KEY POINTS:
At the launch of the Labour Party's election campaign, Helen Clark talked of what might have been assumed to be a long-term ambition. "My dream," she said, "has always been to enable our young people - and mature students - to have the kind of support my generation had in full-time, quality tertiary education." Given the Treasury's gloomy prediction of nine years of deficits, it seemed safe to assume this was the stuff of fancy. Only the bluest of skies and most buoyant of surpluses could underpin such a notion. Yet the Prime Minister has now confirmed a Labour government would spend $420 million to phase in a universal student allowance over the next four years. This is ill-conceived, unnecessary and unaffordable. In sum, it is an exercise in irresponsibility by a party that has been all too keen to preach fiscal prudence.
Immediate comparisons were drawn with Labour's pledge to abolish interest on student loans during the 2005 election campaign. They are valid. Both are abject cases of political bribery designed to shore up the student vote and to attract the attention of the students' parents and grandparents. Clearly, the loan policy had great appeal, and Labour hopes a universal allowance will have a similar sway. The only concession to the country's dire fiscal position by a party seemingly prepared to countenance anything for a fourth term of office is the phasing in of the policy over four years.

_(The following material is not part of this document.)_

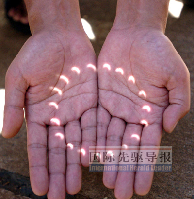 如果你沒有這些條件觀測日食,不妨學(xué)學(xué)古人。古人的土法包括:墨水觀測法,就是取一盆清水,加入墨汁,通過水面的反光觀看;小孔成像法,取兩張白紙,一張白紙上穿一個整齊的圓形小孔,將其對著太陽,另一張放在小孔后面,讓太陽光通過小孔在另一張白紙上成像;樹蔭觀測法,在日食的時候,樹蔭的縫隙就會成為天然的小孔,在樹蔭底下的小亮點都是太陽的小孔成像,你可以看到那些小亮點由圓到虧,每一個小亮點都是一個小小的日食影像,并且它有可能就在你身上!

In many ways, the progressive lifting of the parental income threshold - the lead-in to a universal allowance in 2012 - actually represents a more sensible means of helping students than the lifting of interest on loans. The current thresholds bear only a passing relation to present-day earnings. But just as statistics on the average size of student loans showed the 2005 initiative was ill-founded largess, so too is the eventual abolition of the parental income test, a move that will benefit 50,000 students. The universal allowance will have an annual price tag of $210 million when introduced in four years, a time forecast to feature intensified fiscal pressure.
Helen Clark says "most of these students would receive no allowance under the current rules and need to borrow, receive help from their parents or work part-time to make ends meet". This overlooks the fact that many parents are perfectly able to support their children financially. Universality, as is always the case, means the allowance will go to those who do not need it. Equally, the Prime Minister forgets that, even in her day, most students had some sort of part-time work. Quite simply, the burden on all students is not so great as to warrant a universal allowance.

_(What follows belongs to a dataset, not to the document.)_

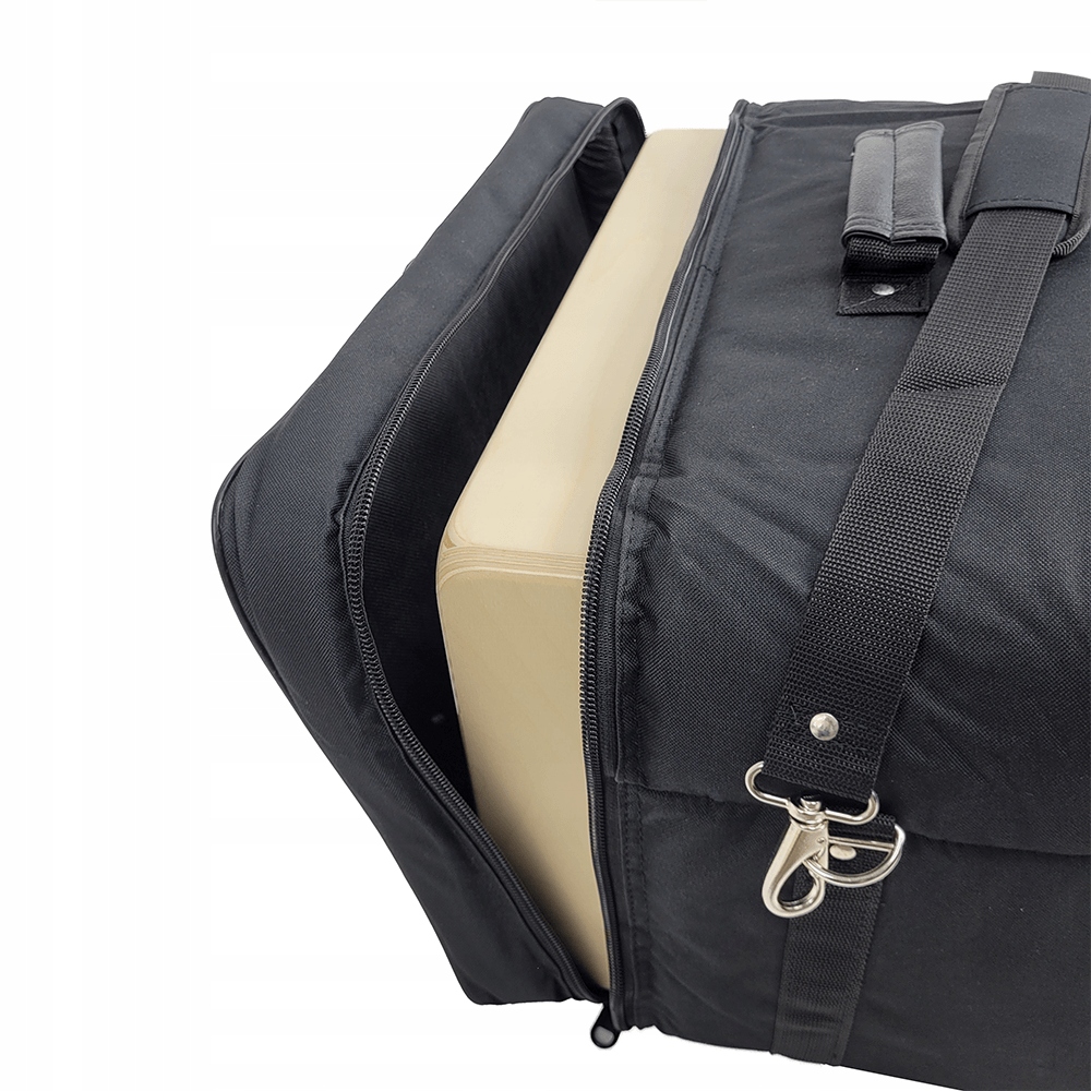 Профессиональный чехол для безопасного хранения и транспортировки кахона. Выполнен из прочной, устойчивой к истиранию и водонепроницаемой полиэфирной ткани Cordura 600D (сокращенно маркировка 600D означает количество пряжи, подходящее для данного случая). поверхность материала Чем больше количество нитей, тем толще полиэстер и более устойчив к растяжению, разрезанию или разрыву).

Even if students were, indeed, suffering undue hardship, this would not be the most rational approach. That would lie in an examination of why they require an allowance or must take on debt. The answer is the level of tuition fees charged for courses. A steep rise in these has occurred since an increasing number of school-leavers began to seek tertiary education, much of it for trade training. If more of the latter was reclaimed through apprenticeships and suchlike, the cost to the public of tertiary education would drop, and lower fees could be introduced.

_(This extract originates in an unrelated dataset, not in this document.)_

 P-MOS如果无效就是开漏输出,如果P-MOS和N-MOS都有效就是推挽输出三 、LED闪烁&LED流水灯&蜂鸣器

Any radical change should be along those lines. If tinkering there must be, it could be to the parental income threshold. But at no time will there be a need for a universal student allowance. The country cannot afford it now, of all times, and the students' lot is not so harsh as to demand it. Throwing an eventual $210 million at this annually adds to the $300 million a year cost of the abolition on interest on student loans. Labour's extravagance is matched only by the cynicism implicit in its desire to buy votes.